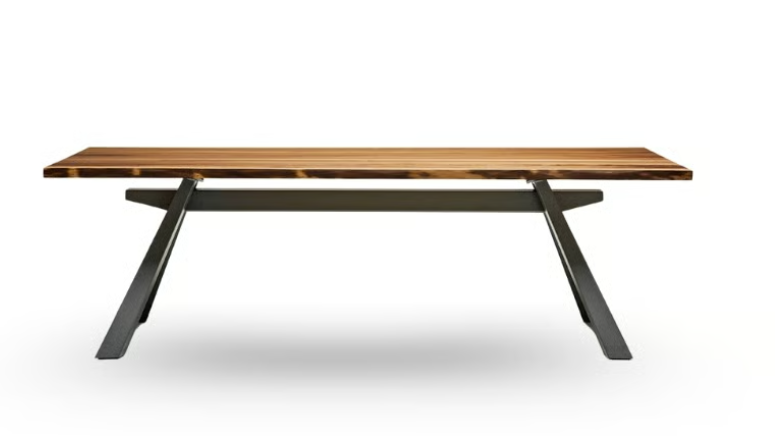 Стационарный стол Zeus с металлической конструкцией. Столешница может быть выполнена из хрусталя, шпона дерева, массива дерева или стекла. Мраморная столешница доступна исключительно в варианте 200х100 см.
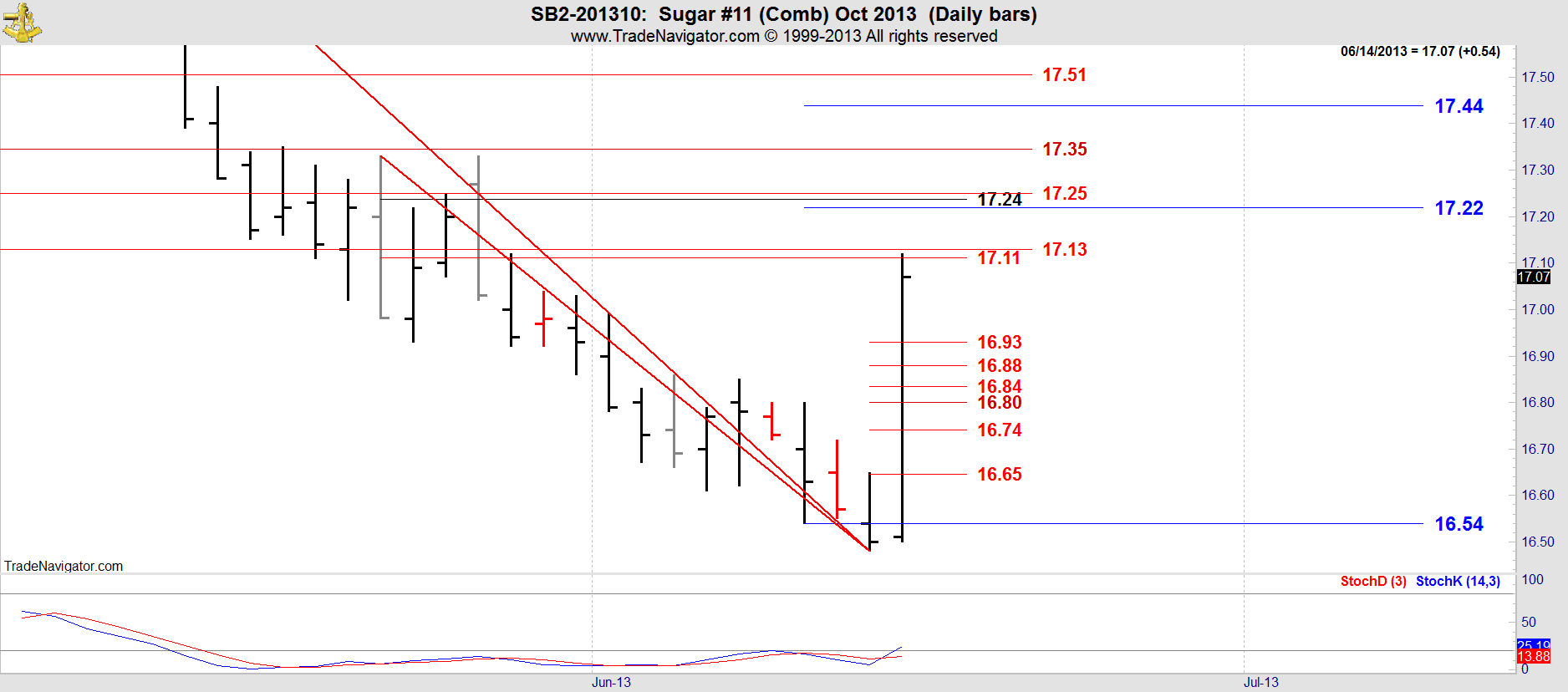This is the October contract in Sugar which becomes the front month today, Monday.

--

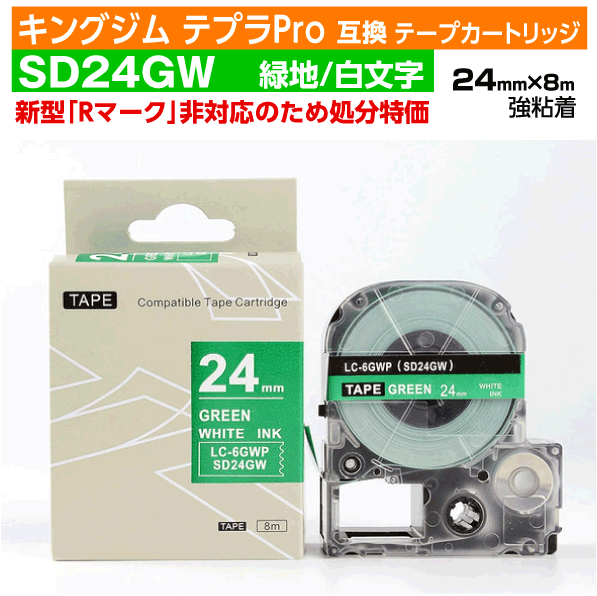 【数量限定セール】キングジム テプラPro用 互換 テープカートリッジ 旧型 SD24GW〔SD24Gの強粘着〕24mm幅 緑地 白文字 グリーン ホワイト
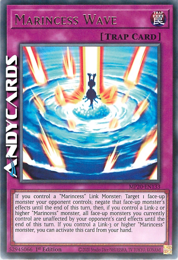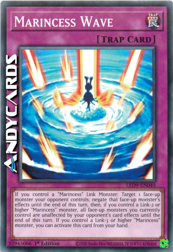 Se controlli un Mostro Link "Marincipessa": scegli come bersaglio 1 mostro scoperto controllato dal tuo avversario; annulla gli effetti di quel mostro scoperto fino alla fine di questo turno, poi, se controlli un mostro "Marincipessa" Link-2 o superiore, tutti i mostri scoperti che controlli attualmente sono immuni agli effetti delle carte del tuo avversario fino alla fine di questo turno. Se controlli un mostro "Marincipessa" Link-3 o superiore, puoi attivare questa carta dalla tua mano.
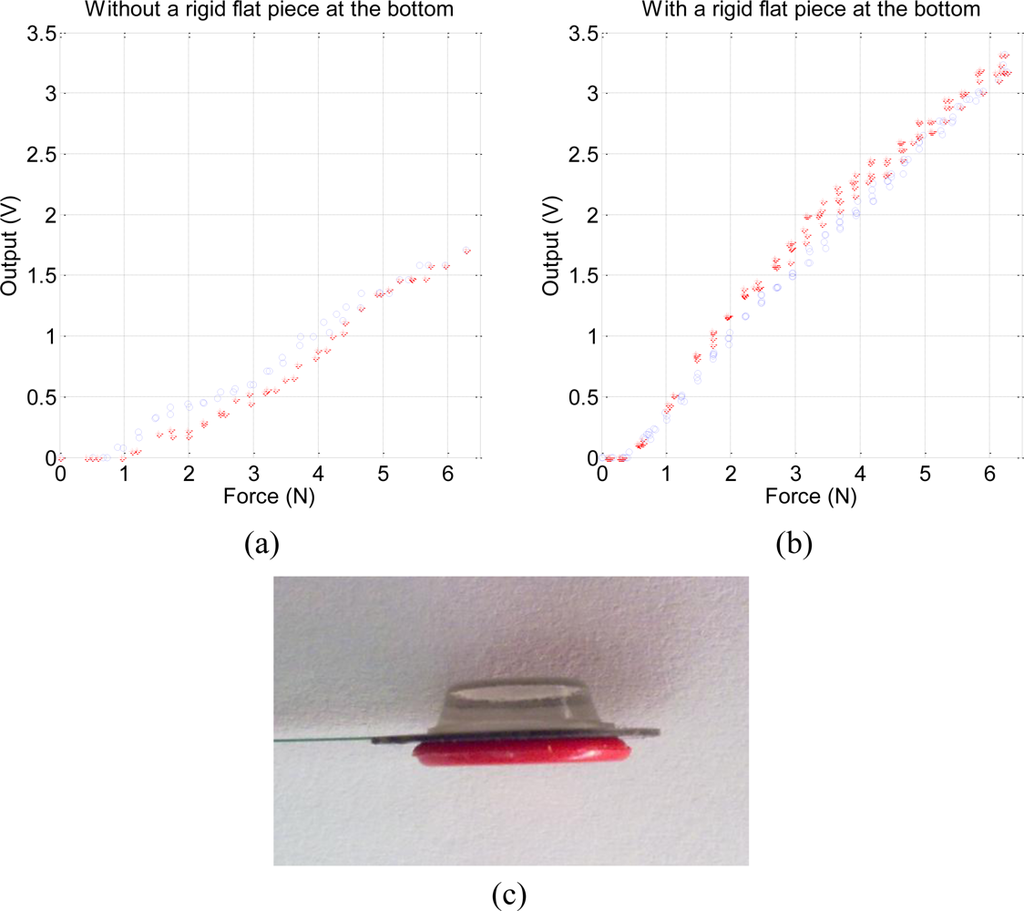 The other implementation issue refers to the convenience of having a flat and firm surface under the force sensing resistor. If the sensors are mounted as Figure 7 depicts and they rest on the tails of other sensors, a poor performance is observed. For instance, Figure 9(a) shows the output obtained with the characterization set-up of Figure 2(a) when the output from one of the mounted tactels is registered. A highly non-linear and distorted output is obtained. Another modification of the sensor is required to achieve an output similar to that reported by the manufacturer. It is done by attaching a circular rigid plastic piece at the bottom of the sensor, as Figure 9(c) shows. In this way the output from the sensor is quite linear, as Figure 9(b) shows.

Exercise
Give back exactly the lines above that run from the one with "白文字 グリーン ホワイト" to the one with "The other implementation", including both, with the pictures left out.

Result
 【数量限定セール】キングジム テプラPro用 互換 テープカートリッジ 旧型 SD24GW〔SD24Gの強粘着〕24mm幅 緑地 白文字 グリーン ホワイト
 Se controlli un Mostro Link "Marincipessa": scegli come bersaglio 1 mostro scoperto controllato dal tuo avversario; annulla gli effetti di quel mostro scoperto fino alla fine di questo turno, poi, se controlli un mostro "Marincipessa" Link-2 o superiore, tutti i mostri scoperti che controlli attualmente sono immuni agli effetti delle carte del tuo avversario fino alla fine di questo turno. Se controlli un mostro "Marincipessa" Link-3 o superiore, puoi attivare questa carta dalla tua mano.
 The other implementation issue refers to the convenience of having a flat and firm surface under the force sensing resistor. If the sensors are mounted as Figure 7 depicts and they rest on the tails of other sensors, a poor performance is observed. For instance, Figure 9(a) shows the output obtained with the characterization set-up of Figure 2(a) when the output from one of the mounted tactels is registered. A highly non-linear and distorted output is obtained. Another modification of the sensor is required to achieve an output similar to that reported by the manufacturer. It is done by attaching a circular rigid plastic piece at the bottom of the sensor, as Figure 9(c) shows. In this way the output from the sensor is quite linear, as Figure 9(b) shows.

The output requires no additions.